# mi prendi, uomo?



## betulina

Hola a todos:

Tengo un diálogo que me trae de cabeza. Son hombre y mujer y están desnudos besándose. Él le dice:

"Mmmh, buono, sai di buono."
Y ella: "*Mi prendi, uomo? Mi vuoi incastrare?"*
Y él: "Ancora no... ma ci sto pensando."
Y continúan besándose.

En la primera, interpreto que le dice que tiene buen sabor, pero en la segunda línea me pierdo. Supongo que hay humor. Interpreto "incastrare" como lo que dice el DeMauro de 





> fam., scherz., convincere qcn., spec. un uomo, a sposarsi: _si è fatto i. dalla fidanzata_


Pero no lo veo claro. ¿Cómo lo véis vosotros? Por cierto, por si las moscas, son romanos. Y de momento no tienen ninguna relación seria.

Gracias.


----------



## sabrinita85

Uhm, a mí me da la impresión de que ella le está preguntando si él va a hacerle el amor y si quiere que ella caiga en los 'planes' de él.
Pero bueno, ésa es sólo una impresión mía. 
De hecho, la frase no es muy clara.


----------



## JOSE FERNANDEZ ORTIZ

Io penso come sabrinita85
No creo que sea nada que produzca risa.


----------



## NoOrK

Yo creo, igual que los otros dos.

Le está pidiendo si le va a hacer el amor. Aunque incastrare... que tal si lo podíamos definir con algo más vulgar, tipo... follar? 

Un saludo.


----------



## JOSE FERNANDEZ ORTIZ

*Y*o diría _penetrar_! *P*ero bueno, ... hay tantas formas!!


----------



## housecameron

Non sono d'accordo 
Non ha senso "prendimi" inteso come _facciamo l'amore_ seguito da "mi vuoi incastrare?".
La risposta di lui conferma che non si tratta di questo.
Secondo me vuol proprio dire vuoi metterti definitivamente e seriamente con me? Stiamo insieme? Te la senti di incastrarmi?
Ciao!


----------



## Silvia10975

Housecameron, assolutamente d'accordo con te 
L'espressione italiana (anche se fosse intesa nell'altro senso) non ha nulla di volgare!


----------



## moro_of_venice

*V*ero al 100 per cento. *I*n questo caso non c'entra il sesso*.*
*M*i prendi = mi vuoi  davvero?
*I*ncastrare è informale per "sposare"*.



*


> _- Per favore usa le maiuscole e la punteggiatura correttamente.
> - L'uso di altre lingue non è consentito all'interno di questa stanza del forum._


----------



## betulina

Muchas gracias a todos. 

Por lo que decís, supongo que se puede ver con connotación sexual o se puede interpretar que habla de sentimientos. Acabo de ver que después de muchos besos y pensamientos sobre si está enamorado o no, dice para si mismo: "E già sa un po' di me. E decido di farci l'amore." Perdonad, no lo había visto hasta ahora. Lo veo como la decisión que estaba pensando antes.

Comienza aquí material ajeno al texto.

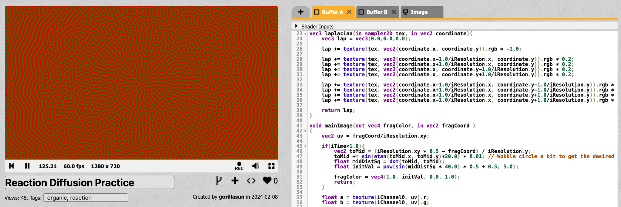 I've also been up to some shenanigans of my own. In the first half of this week I explored Reaction Diffusion again after roughly two years of having first encountered it. I think I have acquired a much better understanding of it now, and how to actually get some nice looking patterns out of it. Here's a little demo of what I ended up making: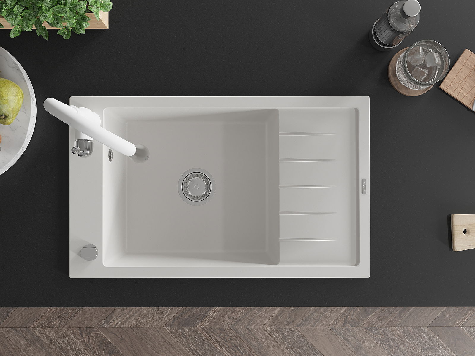 L'évier se distingue par une résistance exceptionnelle aux hautes températures et à leurs changements soudains, ce qui évite toute déformation même sous l'effet prolongé de l'eau chaude.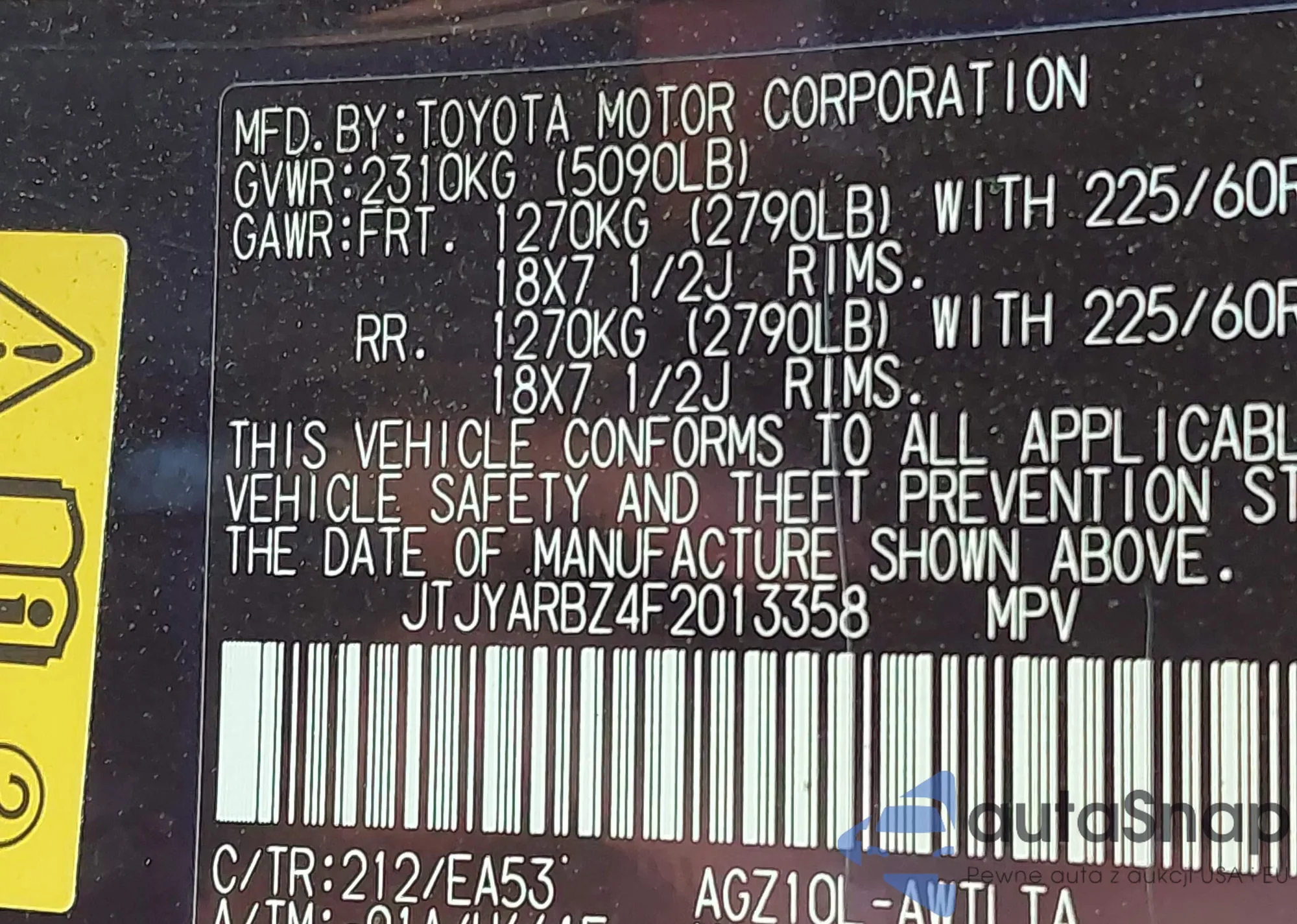 • VIN: JTJYARBZ4F2013358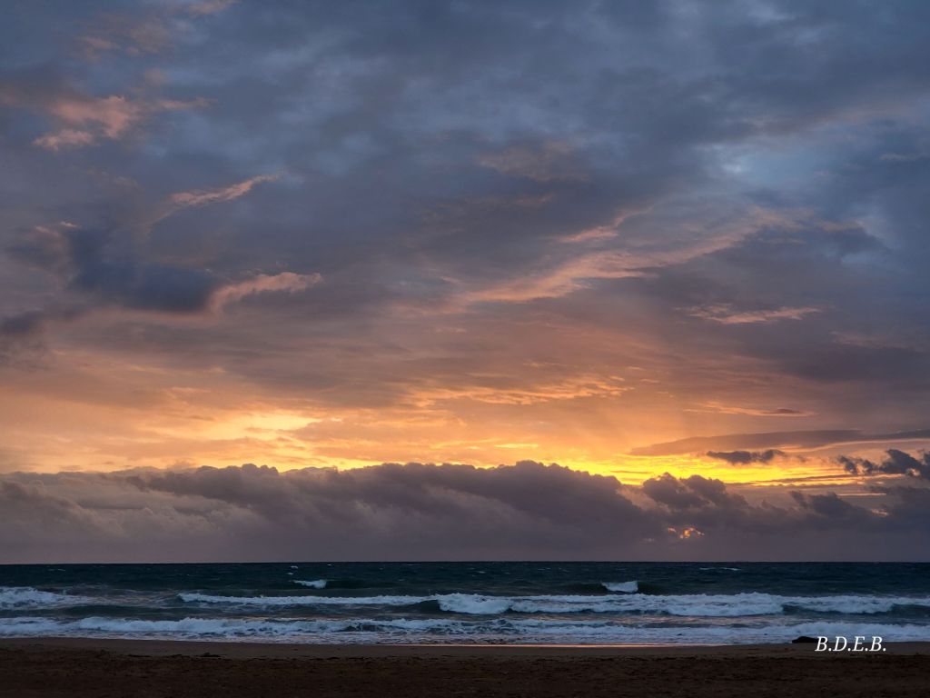Cuando los días están nublados, me gusta esos amaneceres en los que parece que el sol libra una batalla con las nubes para conseguir que sus rayos luzcan aunque sea por un poquito, con un poquito de suerte podemos contemplar unas imágenes maravillosas que no siempre puedo capturar igual de bonito que lo veo (también es cierto que llevo el móvil y no soy experta en sacar fotografías).

Quizás esto desequilibra la balanza hacia el sexo, no? Lo que no sabía era que "incastrare" también podía tener connotaciones sexuales.

Gracias.


----------



## sabrinita85

moro_of_venice said:


> *V*ero al 100 per cento. *I*n questo caso non c'entra il sesso*.*
> *M*i prendi = mi vuoi  davvero?
> *I*ncastrare è informale per "sposare"*.
> 
> 
> 
> *


Ma se _prendere _è proprio una di quelle parole che si usano in campo sessuale, per mitizzare altre parole più volgari...! 

Ah, e nessuno ha mai sentito: PRENDIMI!
Con il senso di  "scopami"?


----------



## housecameron

Sabri, in questo caso non avrebbe senso la risposta di lui.


----------



## sabrinita85

Beh, neanche avrebbe senso se lei chiedesse "vuoi che diventi la tua fidanzata?" e lui rispondesse "boh, non lo so, ci sto pensando"... io ci rimarrei malissimo!!!


----------



## housecameron

Queste vengono chiamate schermaglie amorose


----------



## betulina

Quizás su respuesta es como una broma, no? Porque después siguen besándose. ¿No os parece que el hecho de que luego diga "e decido di farci l'amore" puede estar relacionado? Es al cabo de bastante rato, pero la situación sigue siendo la misma. De todos modos, ¿"incastrare" tiene sentido sexual?

Edit - Lo que veo seguro es que si le pregunta en el sentido de casarse lo hace en broma.

Gracias a todos por el esfuerzo.


----------



## llenyador

No, no creo que "incastrare" tenga nunca un sentido sexual. Aparte del sentido de encajar significa comprometer, liar y cosas por el estilo.


----------



## betulina

Bien, gracias, Llenyador.  Ci penserò.


----------



## xeneize

Me parecen posibles ambos sentidos respecto de ese _prendimi_, también puedo verlo como lo explica Sabri, con sentido sexual...Por lo de _incastrare_, de acuerdo con ustedes


----------